Whether you prefer to read, listen or watch, stories have a powerful impact on us. In fact, stories are what we use to make sense of our lives. Think of the power a story like “the American Dream” has had on our country. People from other nations will risk great dangers to come to America in hopes of an opportunity for living out that story of a rags-to-riches better life.

Or think of how many ways our culture likes to tell the story of “Survivor.” The story of a group of people matching their wits and abilities against each other, forming and breaking alliances, and voting each other off the island (or off the stage as in American Idol). Only the best can be the winner, and everyone else gets to hear, “You’re fired!”

If you see yourself as a character in the American Dream story or in the Survivor story, how will that shape your life? How will that cause you to view your fellow characters, and how will that influence what kinds of risks you might take? How will that define what your goals might be, and how will you react if it seems you won’t reach those goals?

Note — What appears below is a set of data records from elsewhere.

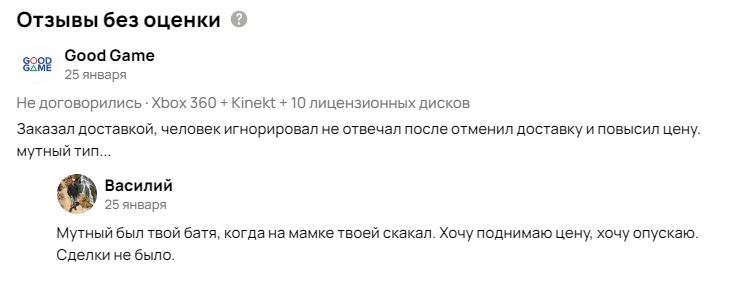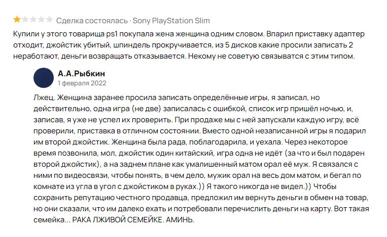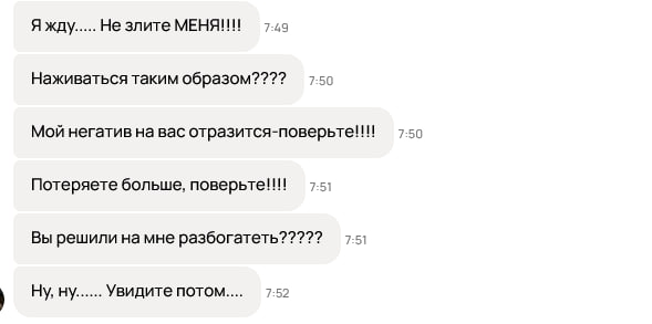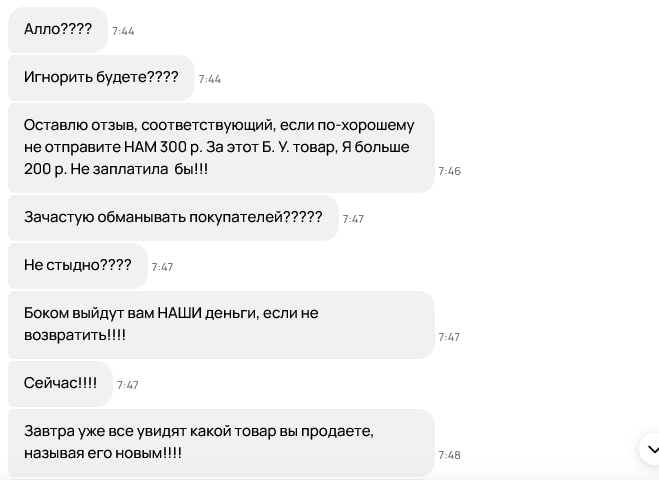 После получения товара начала срать мне по 30 сообщений в секунду, что мол товар б/у (хотя это нихуя не так и аргументировать свою позицию она не может толком) и что я обязан ей выплатить компенсацию в 300 рублей за ложь и обман. Грозится написать хуевый отзыв. Все бы ничего, но профиль этот у меня относительно новый, чистый, без отзывов, и ее одна звезда может весьма негативно отразиться на продажах.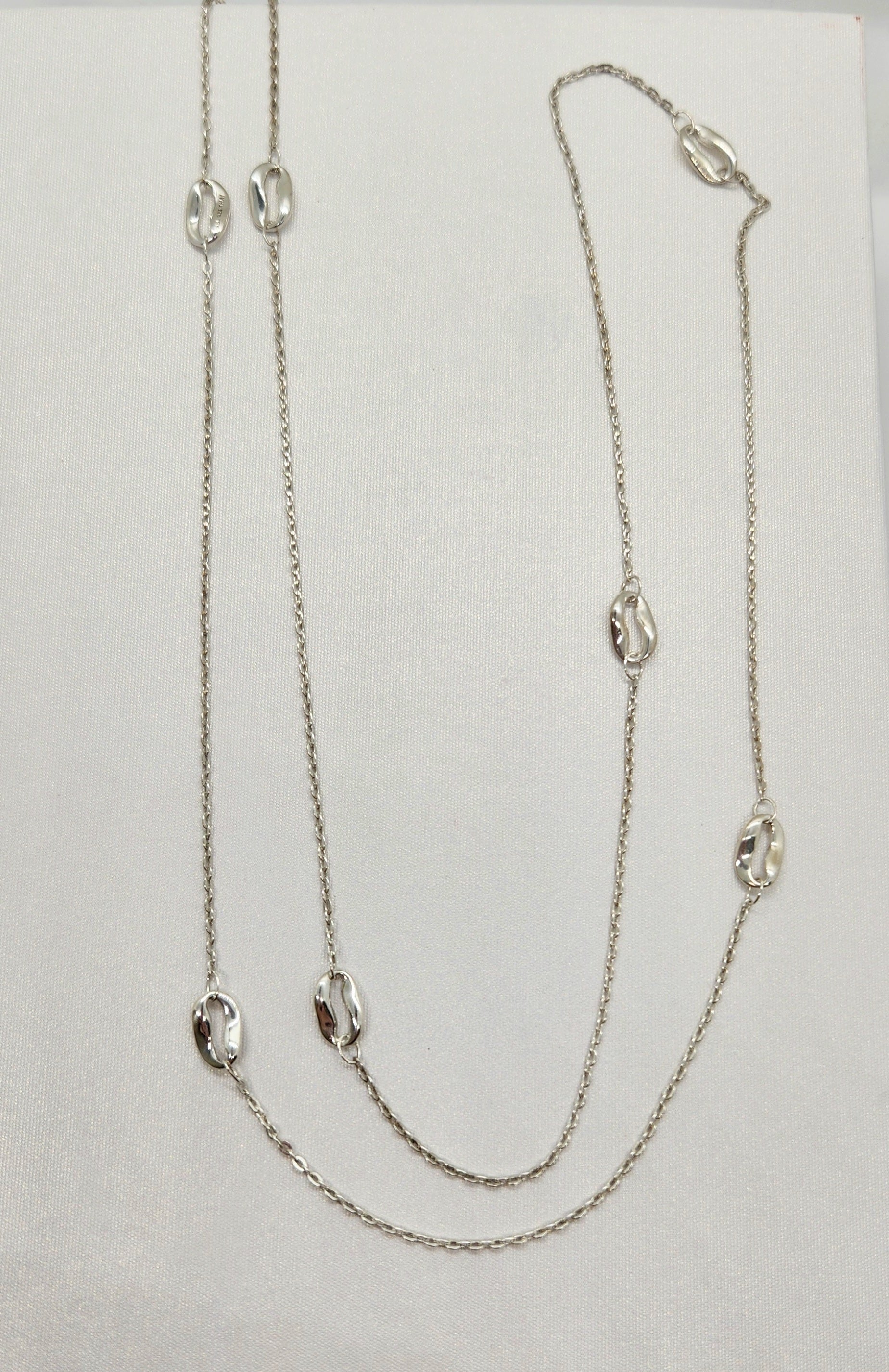 Sterling Silver 36" open bean necklace with trigger clasp. Layer with your other favorite chains, 7.8g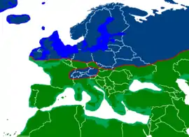 خريطة توضِّح امتداد المنطقة القطبية المتجمِّدة (باللون الأزرق) خلال الفترة الجليدية الأخيرة بأوروبا.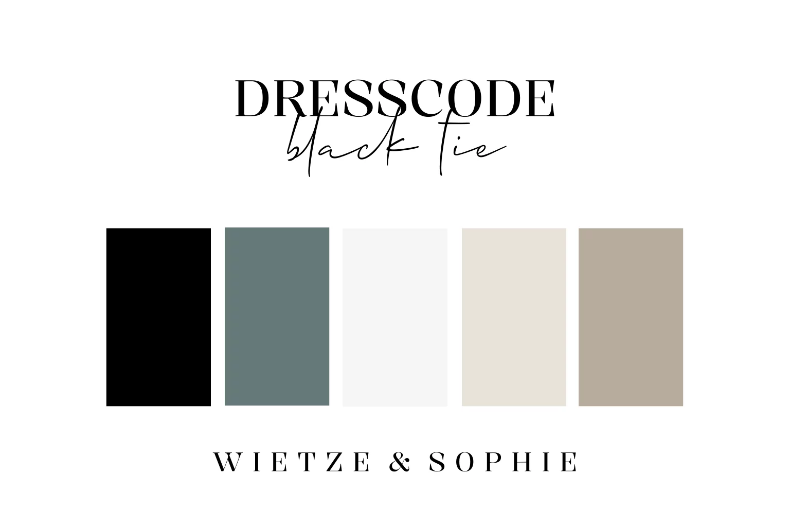 Modern dresscode kaartje voor bij de trouwkaart met beige en zwarte kleuren. Pas de kleuren zelf naar wens aan in de editor voor jullie eigen bruiloft. Druk dit kleine kaartje af op een formaat van 8,1 × 5,4 cm.
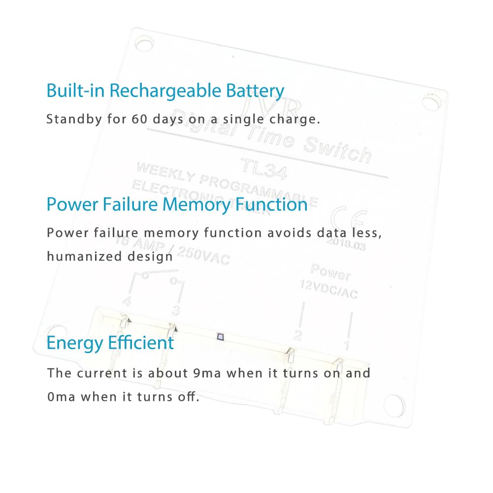 【Energy Efficient and Powered by 12V DC】- Designed for energy efficiency, JVR timer switch automatically controls power supply, conserving energy effectively. It operates on a 12V DC voltage, ensuring reliable and efficient performance.

I wonder if one of the reasons the Harry Potter series is so popular is that people are hungry for something other than Survivor-type stories. Survivor, American Idol, The Apprentice and others are really all variations on that “love of power” theme. Maybe there are millions of people out there who secretly hope that there is another story, a “power of love” story, that could define what is worth living for.

As Christians, we soak ourselves in the most powerful “power of love” story every told. It’s a story that frees us from the chains of the love of power, in whatever form those chains take. Along with Book 7 or whatever other stories you plan to read this summer, I encourage you to spend some time reading or listening to the Bible, and live out that story.